The Black Panthers in Their Own Words

Logan Center for the Arts, 915 E. 60th St.
Saturday, July 19, 2013 at 7pm

Presented by South Side Projections and the Logan Center for the Arts

Q&A with Billy Brooks

In conjunction with the “AfriCOBRA in Chicago: Philosophy” exhibit at the Logan Center for the Arts at the University of Chicago, South Side Projections presents Revolution on Film, four free screenings that provide a wider context to the Black Arts Movement of which AfriCOBRA was a part.

Fred Hampton: Black Panthers in Chicago
Videofreex, 1969, 24 min., DVD
The Videofreex conducted this interview with Fred Hampton, the Deputy Chairman of the Illinois chapter of the Black Panther Party, in October 1969, just over a month before he was murdered by the Chicago police. He discusses the Black Panthers’ free health clinics, the Chicago 7 conspiracy trial, the Weathermen, and what the future holds for himself and the Panthers.

Black Panther
Newsreel, 1969, 14 min., DVD
This is the film the Black Panthers used to promote their cause. Shot in 1969, in Oakland, San Francisco and Sacramento, this exemplar of 1960s activist filmmaking traces the development of the Black Panther organization. In an interview from jail, Minister of Defense Huey P. Newton describes the origins of the Panther Party, Eldridge Cleaver explains the Panthers’ appeal to the Black community, and Chairman Bobby Seale enumerates the Panther 10-Point Program as Panthers march and demonstrate.

Repression
Newsreel, 1970, 15 min., DVD
“In Repression, support for the Black Panther Party and its Los Angeles chapter is specifically translated into the need for a global working-class struggle against capitalism…. Repression could not have been made except by an alliance between white students and members of the Black Panther Party. In the same way, the international dimension of the struggle could not have been fully figured except by means of images from the Vietnamese and African films that the other Newsreels had imported. By incorporating these, Repression positions itself as part of a global revolt. No other Newsreel work is better structured or more compelling, and none better links the local and global struggles.” — David E. James, “An Impossible Cinema: The Proletarian Avant-Garde in Los Angeles,” in Looking for Los Angeles: Architecture, Film, Photography, and the Urban Landscape, edited by Charles G. Salas and Michael S. Roth (Los Angeles: Getty Research Institute, 2001).

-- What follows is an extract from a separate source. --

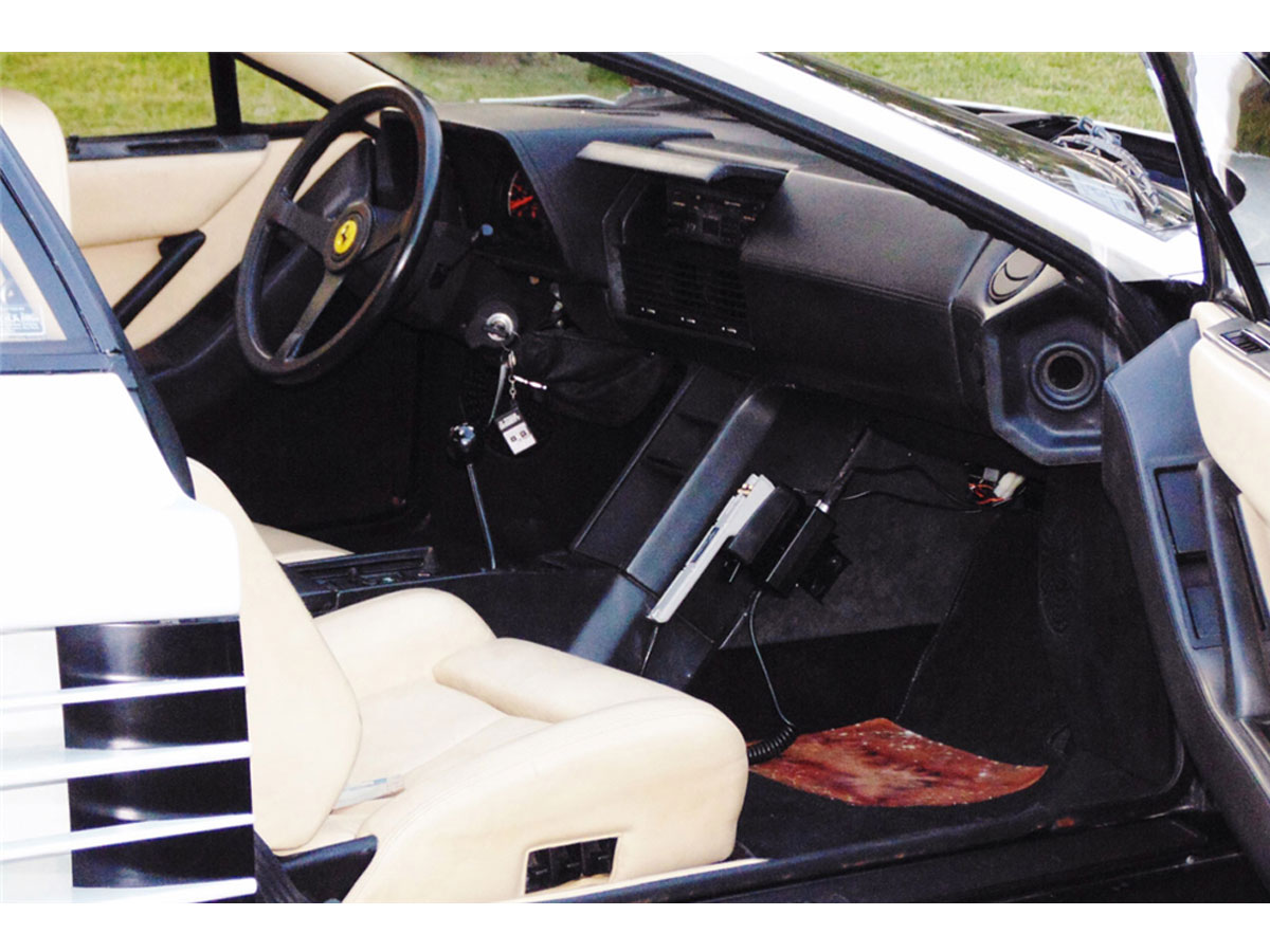 To be clear, this is the hero car, Serial No. 63631. It’s one of two Testarossas that Ferrari provided Universal Studios with for the television series’ third, fourth, and fifth seasons. Finished in black metallic from the factory, the car was resprayed white for its appearance on Vice. (Legend holds that, in an inspired moment, showrunner Michael Mann ordered the new paint color to better reflect Miami’s neon jungle during night driving scenes.) After 65 episodes, the car was retired in 1989 and put into storage the following year, where it remained until 2015.

Lu Palmer interviews Angela Davis
1972, 18 min., 16mm
Shortly after her acquittal in a Marin County murder trial, activist, Communist Party member, and Black Panther supporter Angela Davis visited Chicago, where she was interviewed by pioneering black Chicago journalist Lutrell “Lu” Palmer at Malcolm X College.

Dead End Street?
Leonard M. Henny, 1970, 11 min., 16mm
Lonnie Ward, an ex-convict and Black Panther, experiences college life in America. He helps found a Black Student Union, which creates a political storm on campus. Later he goes back to the black community to help bring black consciousness to his friends who didn’t go to college.